- What you are asked to do -
Starting at the first line of the data and ending at the line with "Kombination aus Anfahrschutz-Winkeln", copy each line exactly. Include both of those lines, but no pictures.

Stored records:
========================

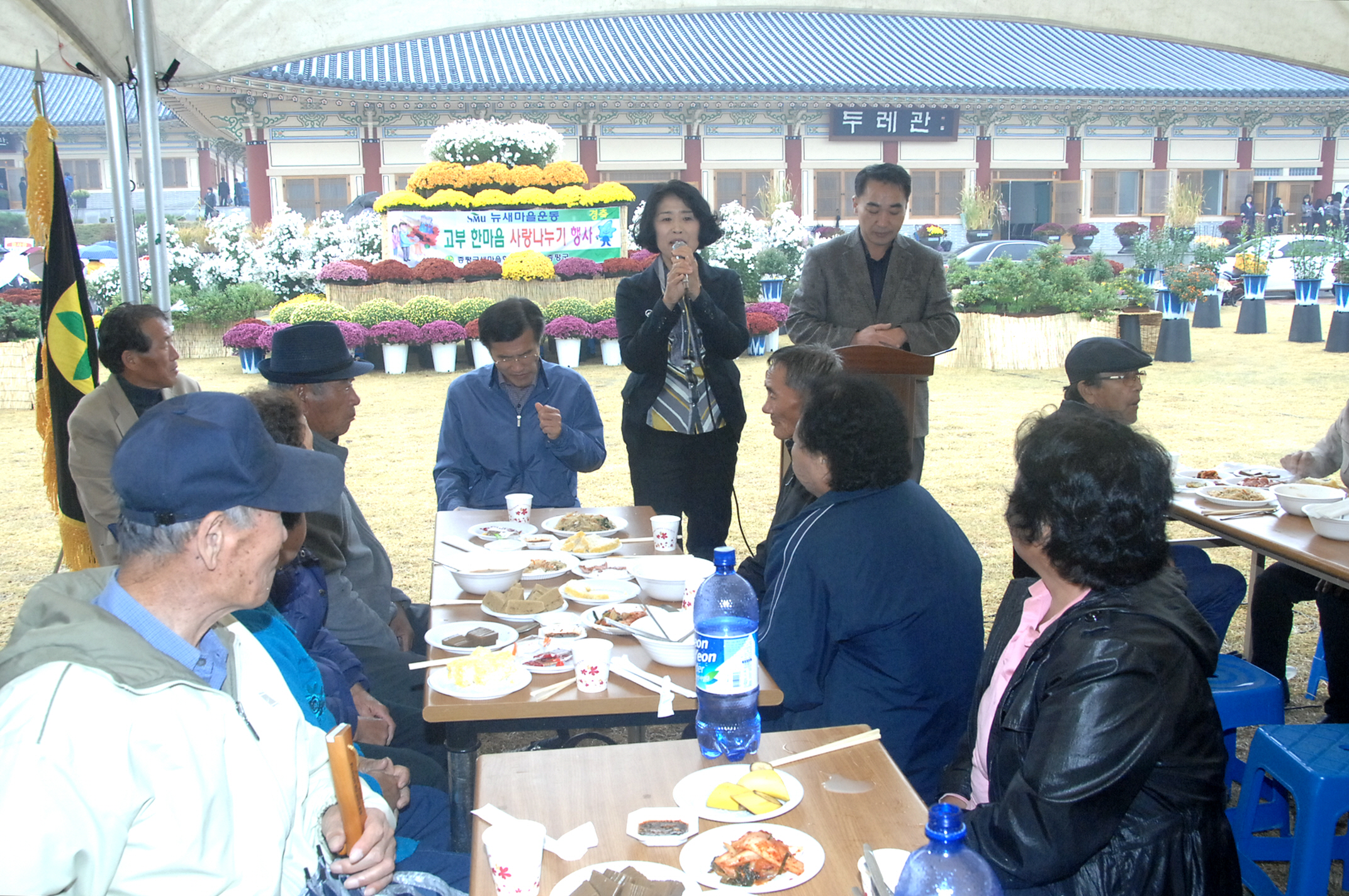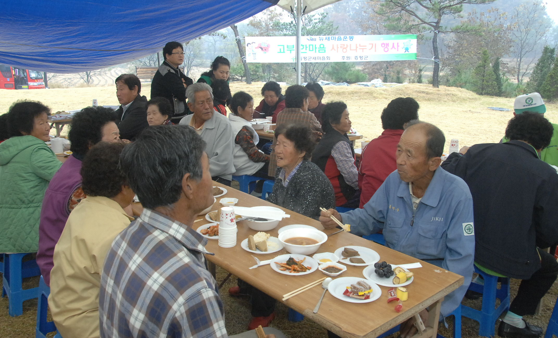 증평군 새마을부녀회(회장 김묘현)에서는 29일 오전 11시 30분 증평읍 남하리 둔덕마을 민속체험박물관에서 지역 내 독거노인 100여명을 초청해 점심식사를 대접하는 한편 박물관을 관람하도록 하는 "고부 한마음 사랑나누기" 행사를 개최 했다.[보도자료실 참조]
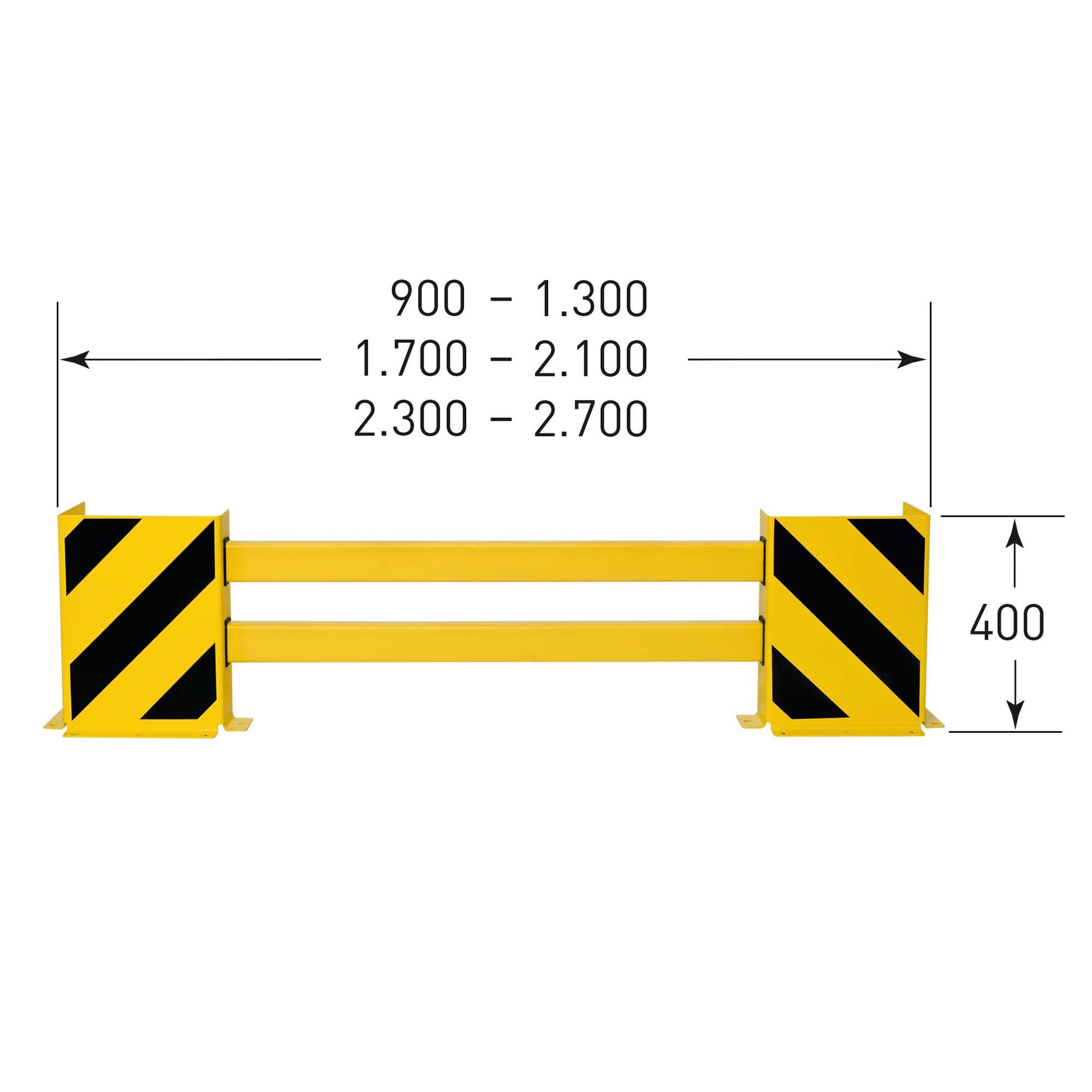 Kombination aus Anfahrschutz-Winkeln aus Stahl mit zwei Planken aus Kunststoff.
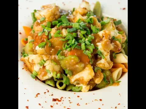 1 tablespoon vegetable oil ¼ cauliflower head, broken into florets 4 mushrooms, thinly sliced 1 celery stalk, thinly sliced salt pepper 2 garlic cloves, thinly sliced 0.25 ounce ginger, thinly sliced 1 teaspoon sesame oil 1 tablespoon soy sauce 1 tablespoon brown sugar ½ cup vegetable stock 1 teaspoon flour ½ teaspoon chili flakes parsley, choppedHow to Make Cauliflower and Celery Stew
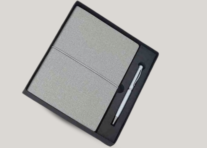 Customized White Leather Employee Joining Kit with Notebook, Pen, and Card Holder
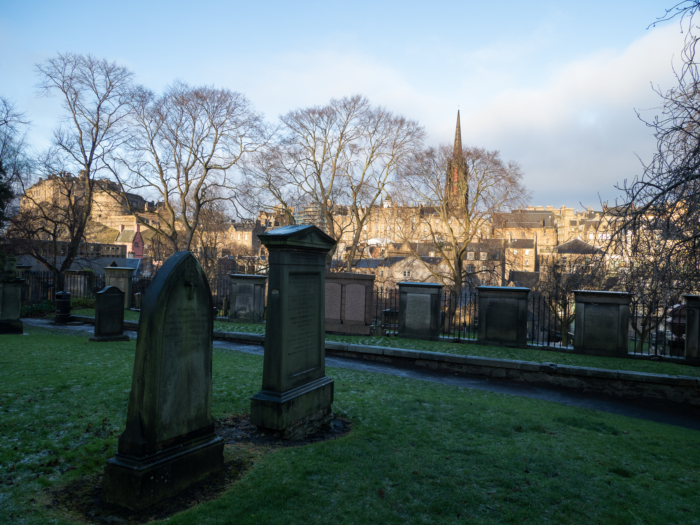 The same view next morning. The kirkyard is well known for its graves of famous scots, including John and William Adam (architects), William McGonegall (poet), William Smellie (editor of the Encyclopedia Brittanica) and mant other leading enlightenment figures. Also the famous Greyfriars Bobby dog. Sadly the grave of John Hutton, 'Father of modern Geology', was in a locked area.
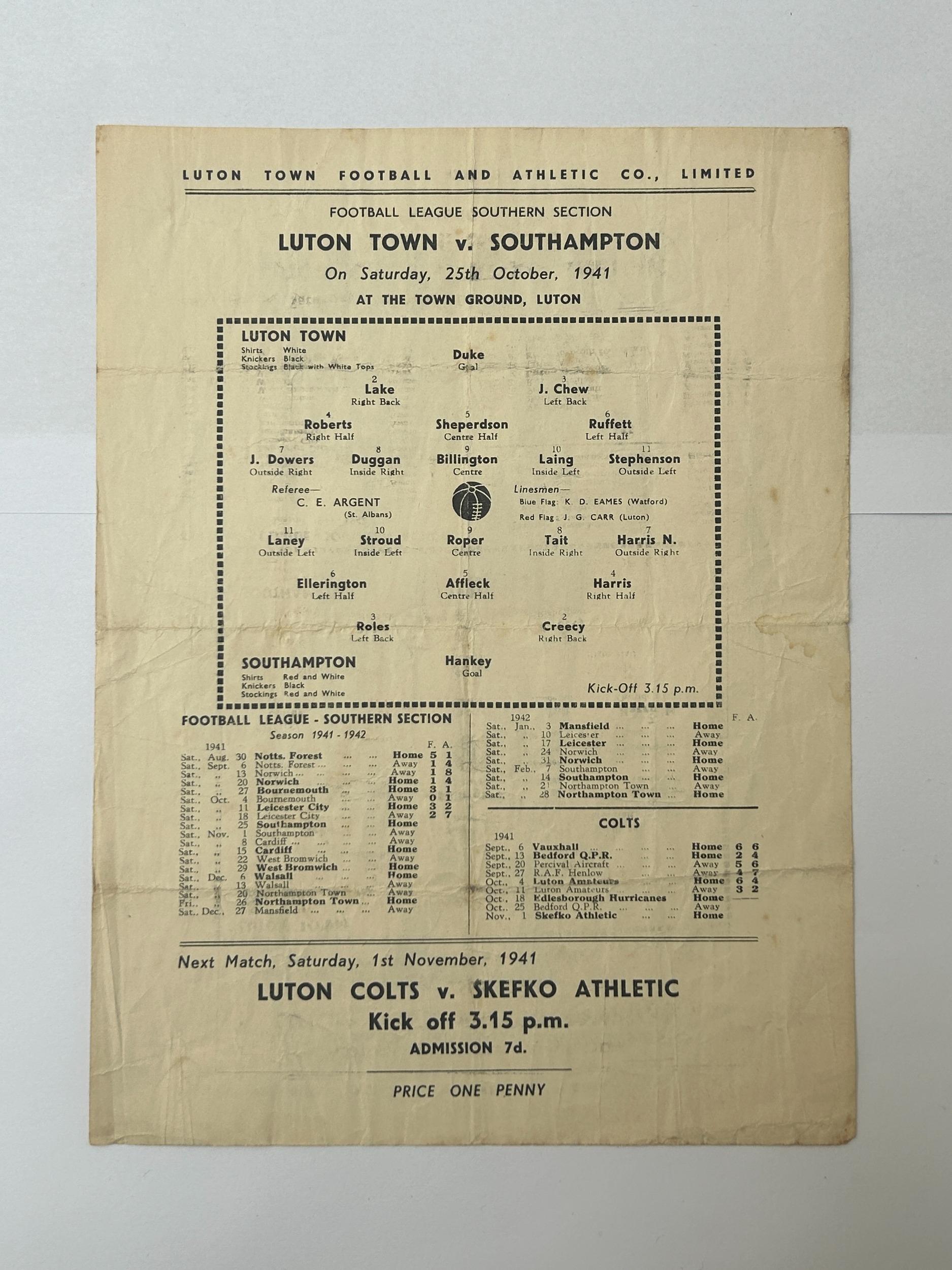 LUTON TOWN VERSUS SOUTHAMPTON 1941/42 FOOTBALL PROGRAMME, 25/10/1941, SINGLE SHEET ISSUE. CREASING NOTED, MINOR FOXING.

========================

- Written answer -
 증평군 새마을부녀회(회장 김묘현)에서는 29일 오전 11시 30분 증평읍 남하리 둔덕마을 민속체험박물관에서 지역 내 독거노인 100여명을 초청해 점심식사를 대접하는 한편 박물관을 관람하도록 하는 "고부 한마음 사랑나누기" 행사를 개최 했다.[보도자료실 참조]
 Kombination aus Anfahrschutz-Winkeln aus Stahl mit zwei Planken aus Kunststoff.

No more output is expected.